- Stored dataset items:

##############################

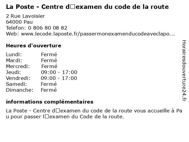 Termes de recherche pour La Poste - Centre d’examen du code de la route:poste, la, du, de, route, centre, code, d’examen, centre d'évaluation scolaire, école technique |
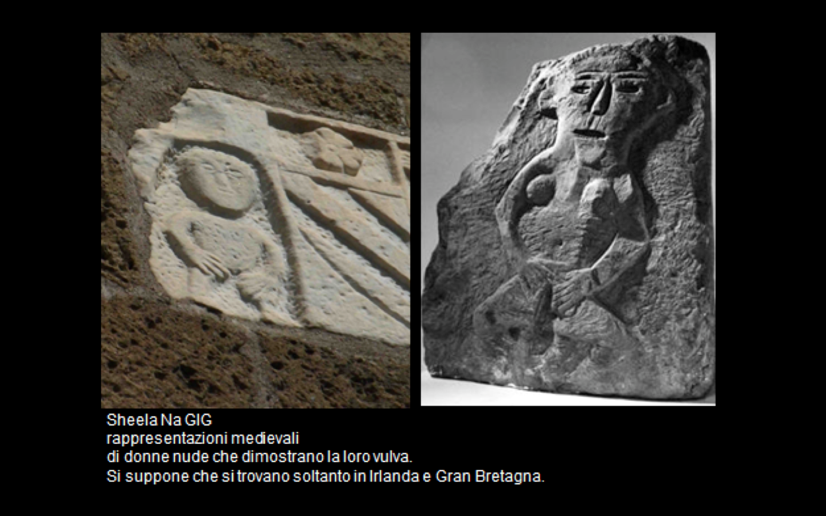 [4] Medieval sculptures of naked women displaying their vulva mostly found in Ireland and Great Britain.
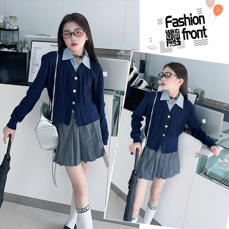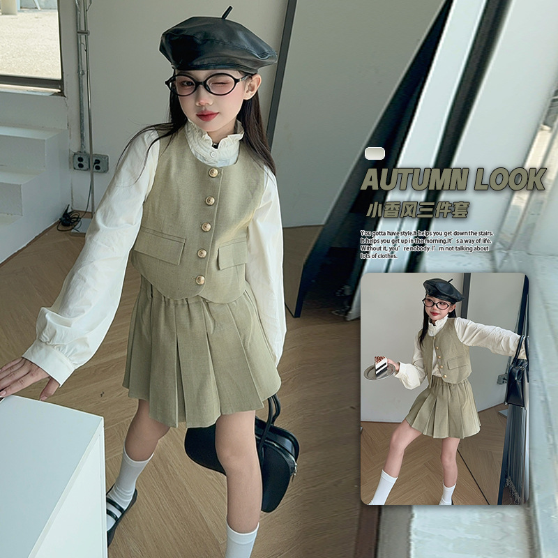 女の子の学院の風のスーツの2024秋のファッションの女の子の中で大きい子供のシャツのスカートのベストのスーツの上着
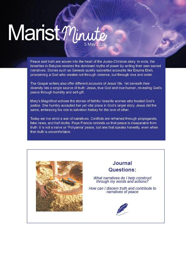 The Marist Minute, a monthly publication, offers a short reflection on life, faith and being Marist. These reflections invite the Spirit into our lives as we praise and listen to God in the minutes of our Marist journey, recognising and inviting God into our everyday moments.
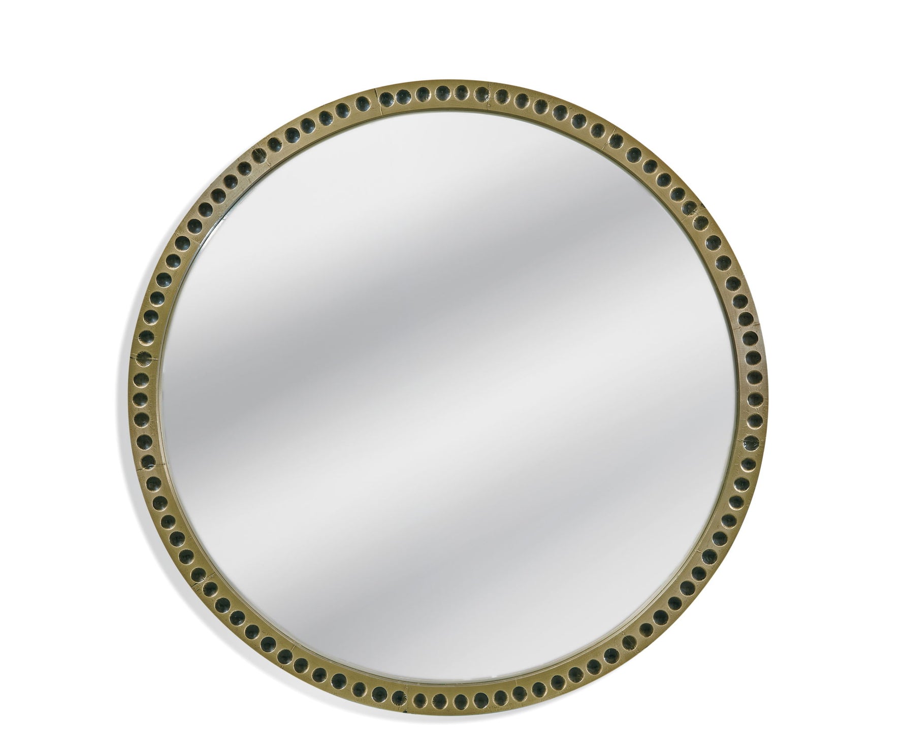 Sansee Wall Mirror is round featuring a circle motif design. The mirror frame features a brass clad finish. Includes two "D" ring attachment points for ease of access for hanging.
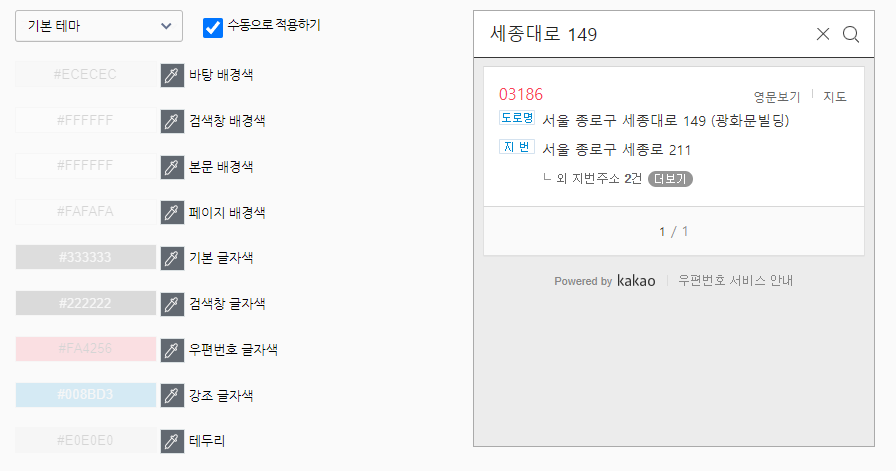 우편번호 서비스 화면의 색상 테마를 변경하는 props 입니다.
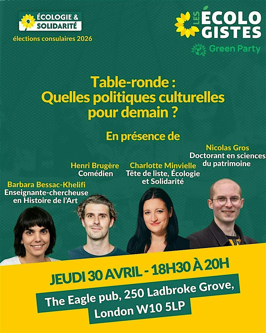 À l'occasion des élections consulaires 2026, les Écologistes organisent une table ronde pour discuter de la culture et des politiques culturelles entre la France et le Royaume-Uni.
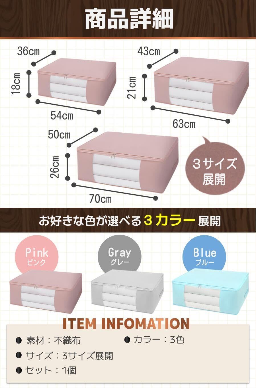 【商品詳細】カラー:3色素材:不織布/サイズ:3サイズ展開/セット:1個/
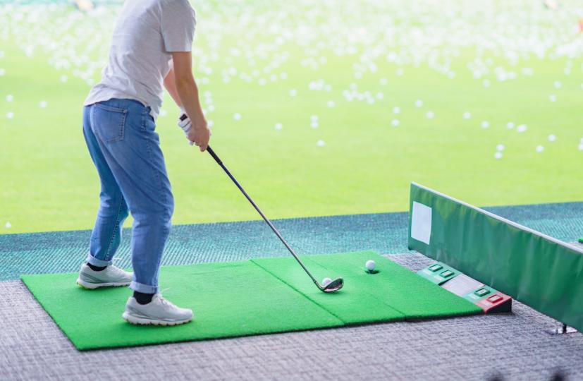 練習場へ出かけたらボールの手前のマットにガムテープなどを貼り、テープが剥がれないように打つ練習をすると、ダフりにくくなります。
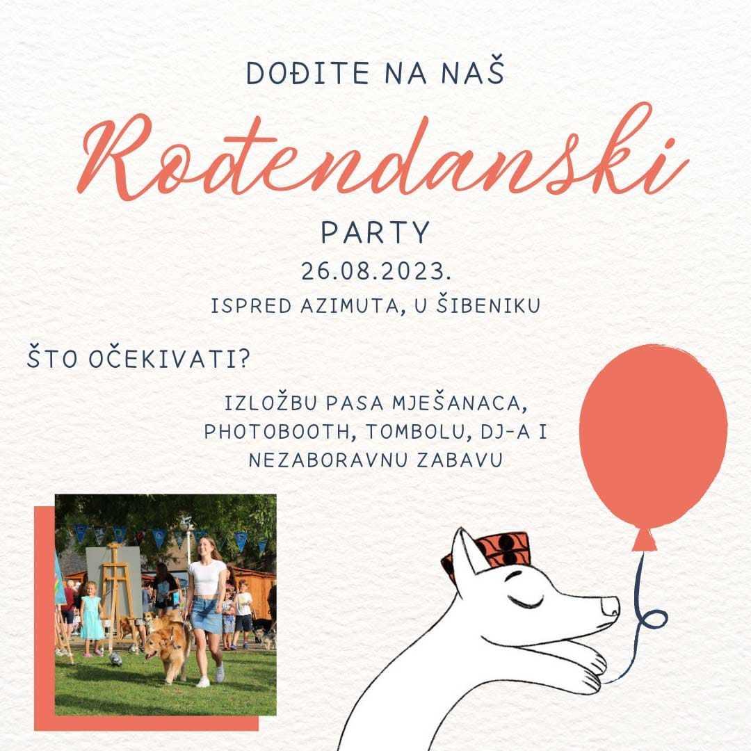 Udruga za zaštitu životinja Šibenske šape organizira rođendansko druženje, koje će se održati u subotu 26. kolovoza od 15 do 23.45 sati u kafiću Azimut.
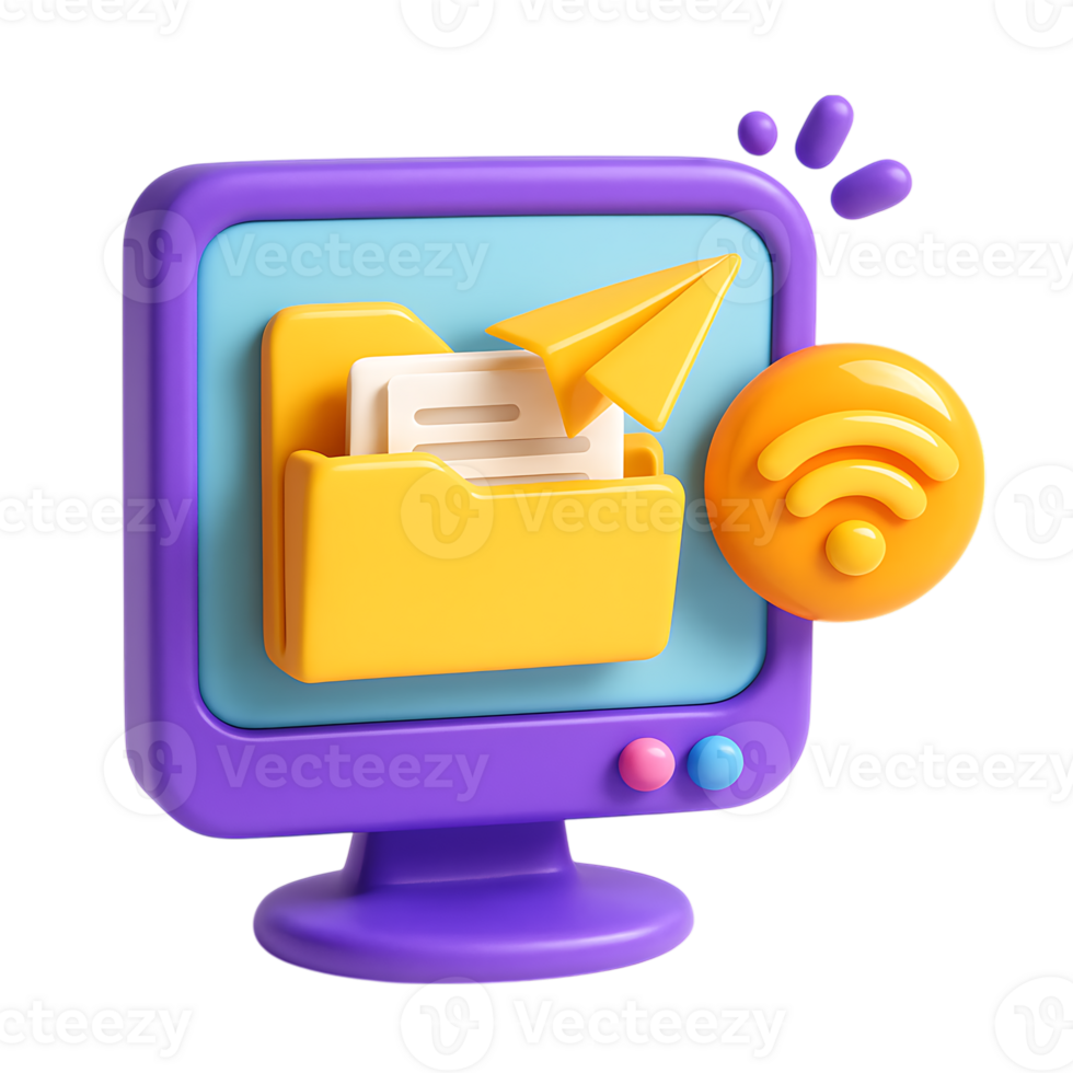 A 3d rendering of a computer screen showing a folder with a document and a paper airplane, isolated on transparent background Pro PNG
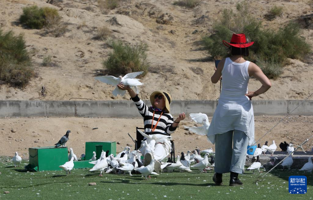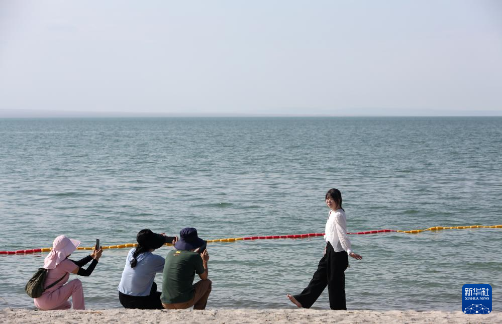 9月8日,游客在新疆阿勒泰地区福海县乌伦古湖金沙滩景区拍照。新华社记者 程丽 摄

##############################

- Required action:
Pictures stay out. Copy exactly, and only, the lines from the one containing "À l'occasion des" through the end of the data.

- Response box:
 À l'occasion des élections consulaires 2026, les Écologistes organisent une table ronde pour discuter de la culture et des politiques culturelles entre la France et le Royaume-Uni.
 【商品詳細】カラー:3色素材:不織布/サイズ:3サイズ展開/セット:1個/
 練習場へ出かけたらボールの手前のマットにガムテープなどを貼り、テープが剥がれないように打つ練習をすると、ダフりにくくなります。
 Udruga za zaštitu životinja Šibenske šape organizira rođendansko druženje, koje će se održati u subotu 26. kolovoza od 15 do 23.45 sati u kafiću Azimut.
 A 3d rendering of a computer screen showing a folder with a document and a paper airplane, isolated on transparent background Pro PNG
 9月8日,游客在新疆阿勒泰地区福海县乌伦古湖金沙滩景区拍照。新华社记者 程丽 摄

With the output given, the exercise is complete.